If you tell me how many nines we are talking about, I will tell you what 1 - .99999... is equal to, and I will estimate the reciprocal. I will almost always insist on being picky, because I believe in avoiding sloppy terminology and sloppy methods. In practice, I will use one as a replacement for .999999 and 1/3 as equivalent to .333333, but I will not accept statements like " recurring .33333 equals 1/3," except as convenient shorthand notation.

This thread started with a proof that recurring .999999 = 1.0000 using some questionable operations on "infinitely long" decimal numbers. I objected to the proof for various reasons and suggested viewing the recurring .99999 as a geometric series. It is fairly easy to prove that the limit of the series is one, without using questionable arithmetic operations on infinitely long decimal numbers.

I agree with Noble
0.9999 recurring forever equals 0.9999 recurring forever and 1 equals 1. 0.9999 recurring forever "approaches one and for simplicity can be represented as 1".
Limits are defined by terminology similar to the following.
The number a will be called the limit of the sequence X1, X2, X3 . . . Xn . . . provided that, given any positive number h, no matter how small, there exists a corresponding term of the sequence Xn such that every succeeding term of the series lies between the numbers a-h and a+h.
The wording is slightly different for the limit of a function and the limit of the sum of a series, but the idea is always the same. As some number or variable grows without bound, some value gets closer to the limiting value.

The formal definitions use terms like increases indefinitely or there exists or grows without bound. The formal definitions refer to an extremely small difference between the value and its limit. They avoid referring to infinity and avoid the statement that the value equals its limit.

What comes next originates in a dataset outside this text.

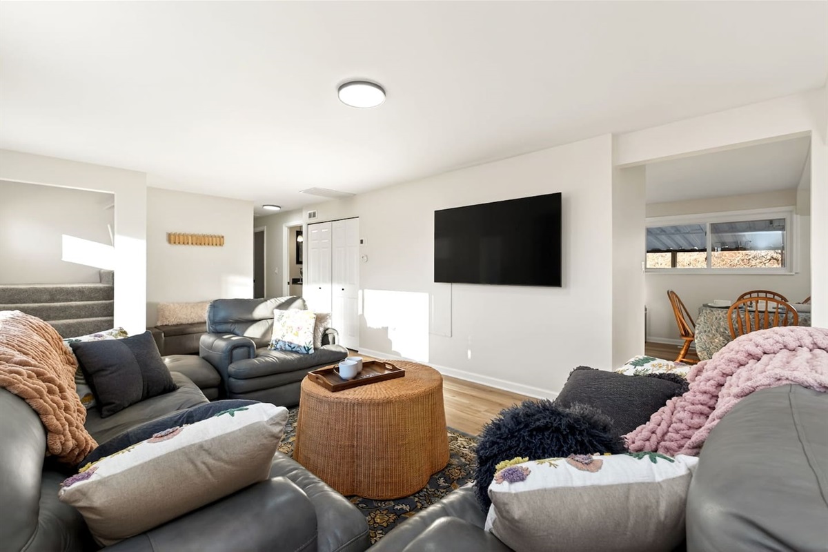 Comfortable living room with large TV & plush seating
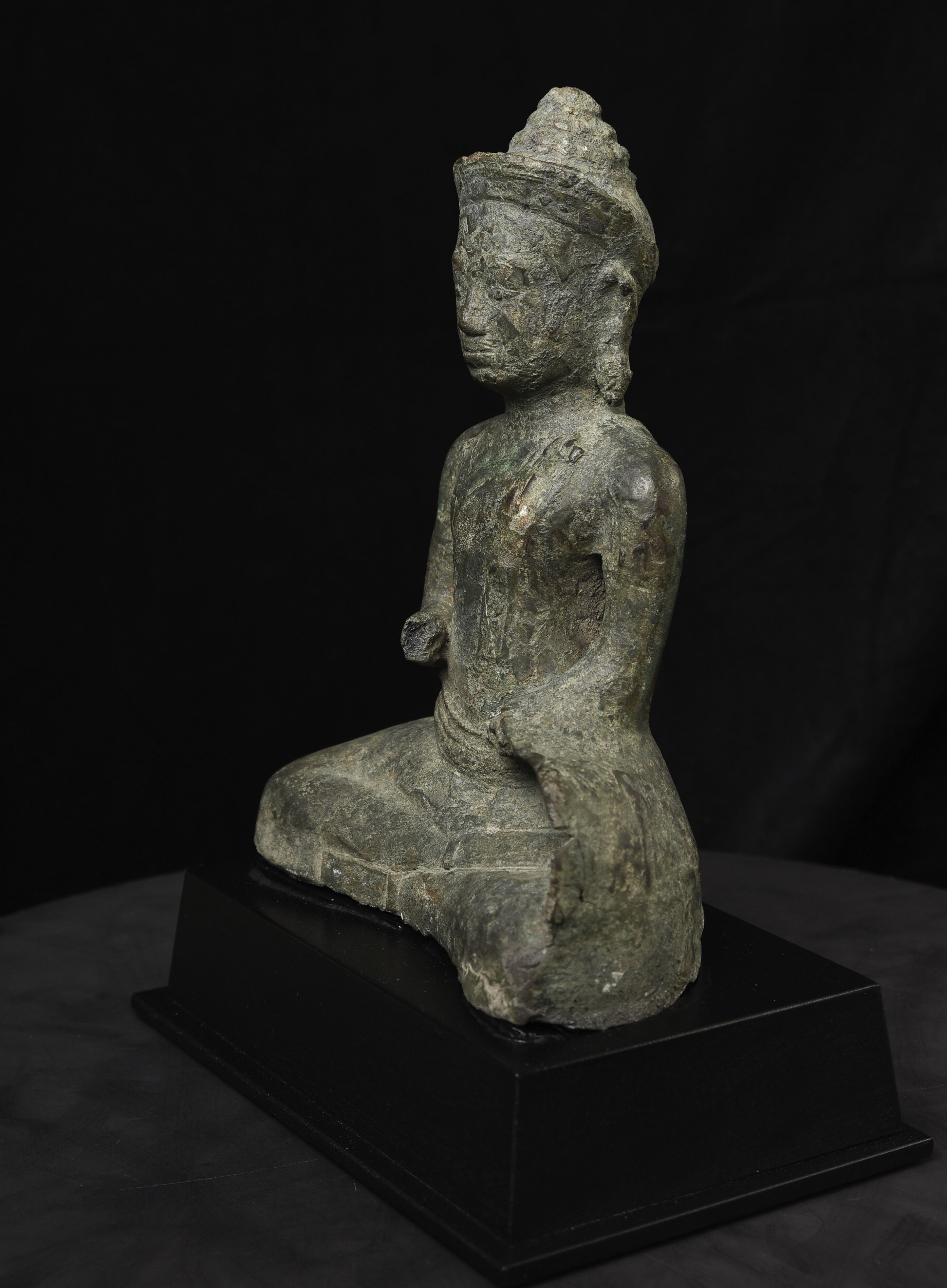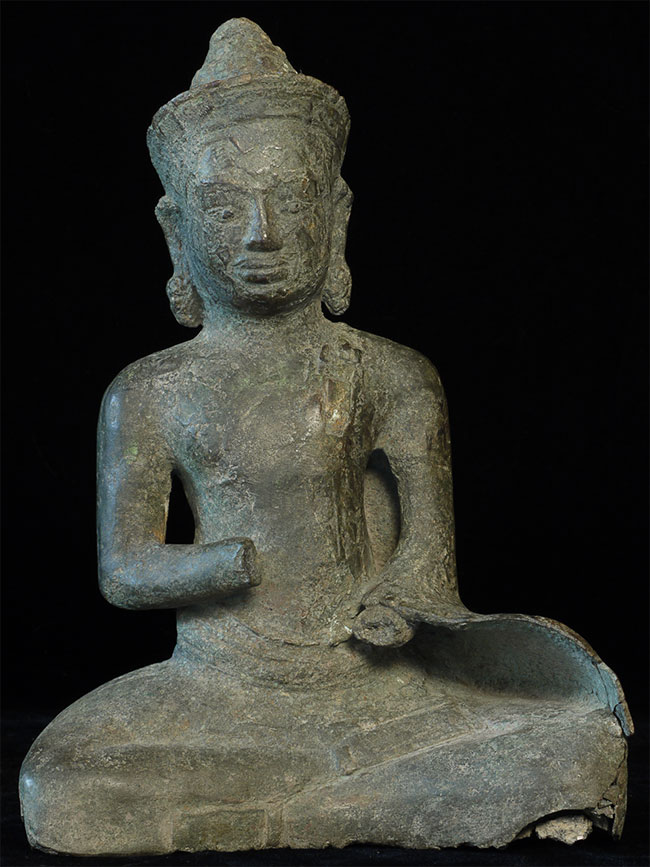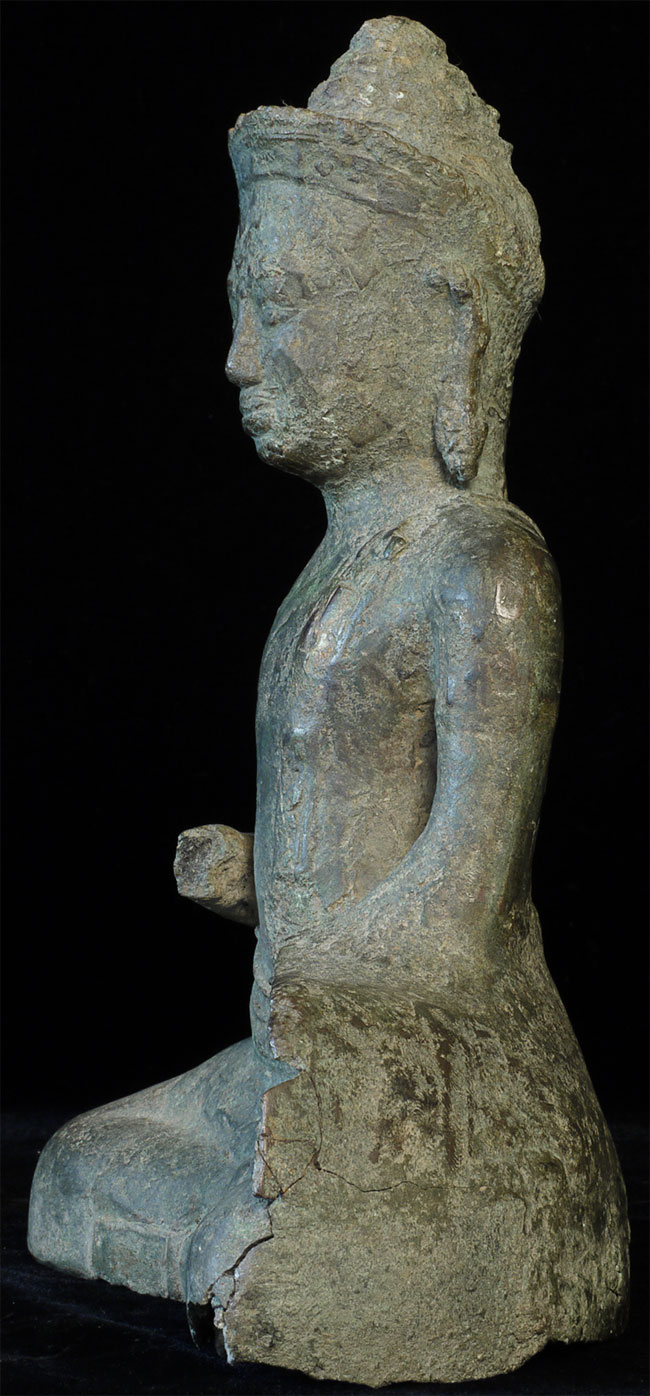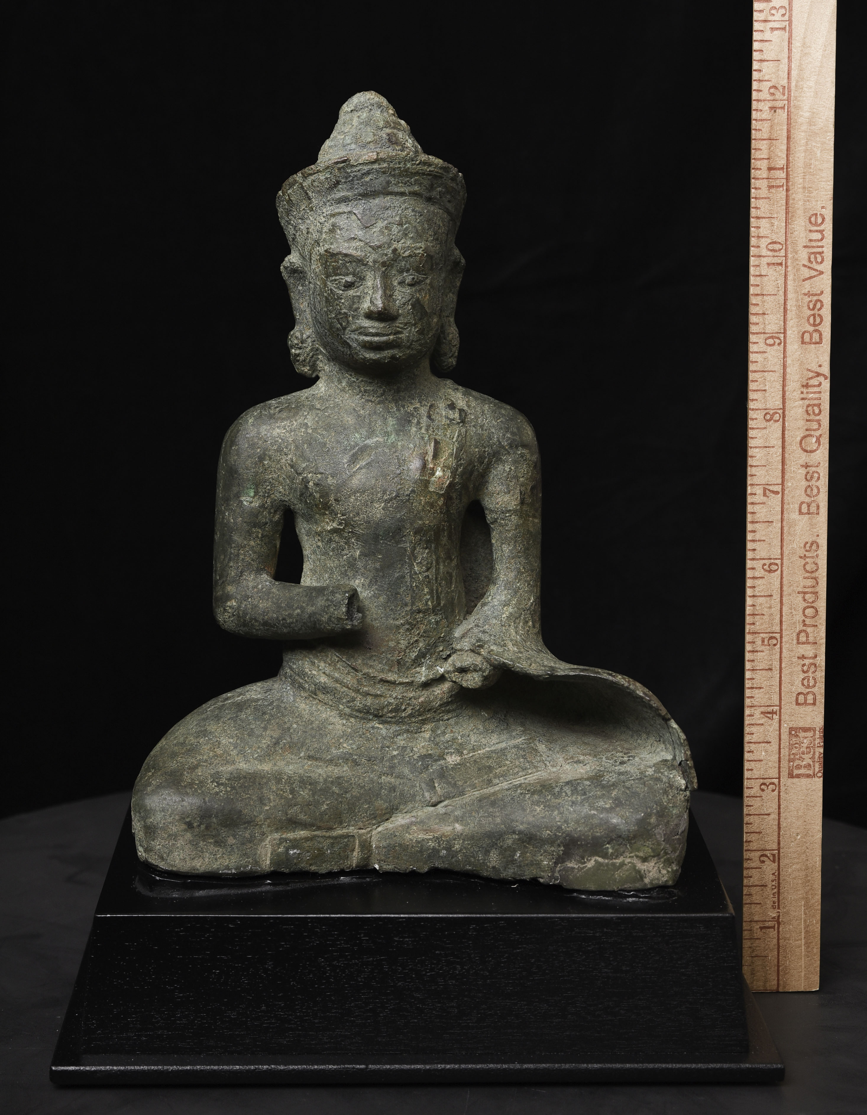 Large 11/12thC Cambodian Buddha. Loss of hands and original base. Other damage/loss as seen in the photos. The height of bronze alone is 9 7/8 inches tall not including the newly made custom museum-style base. (Please see the new photos that show the Buddha on the base).

The use of the limit as a value is viewed as a convenience which avoids lengthy terminology.

Every serious mathematical text I have ever read avoids claiming that a function equals its limit. When not dealing with transfinite numbers ala Cantor, they also avoid using the term infinity. I have a book (Fundamentals of Mathematics by Moses Richardson) which specifically warns against the use of such a term.
The notation "Limit(Xn) = a as n —>lazyeight" is commonly used, but it often misleads the unwary student into believing that there is a peculiar number called infinity which n approaches. This is, of course, not true.
In a later chapter of this book
. . .It would be even more misleading to write 1/0 = infinity, although some books do. . . .they do not mean that infinity is a number which you obtain by dividing 1 by zero. As we have seen 1/0 is a meaningless symbol and infinity is not a number. "Infinity" in this sense is merely a way of describing the manner in which certain function behave.
In a footnote it is mentioned that historically the statement 1/0 = infinity was taken literally before mathematicians were familiar with modern mathematical logic.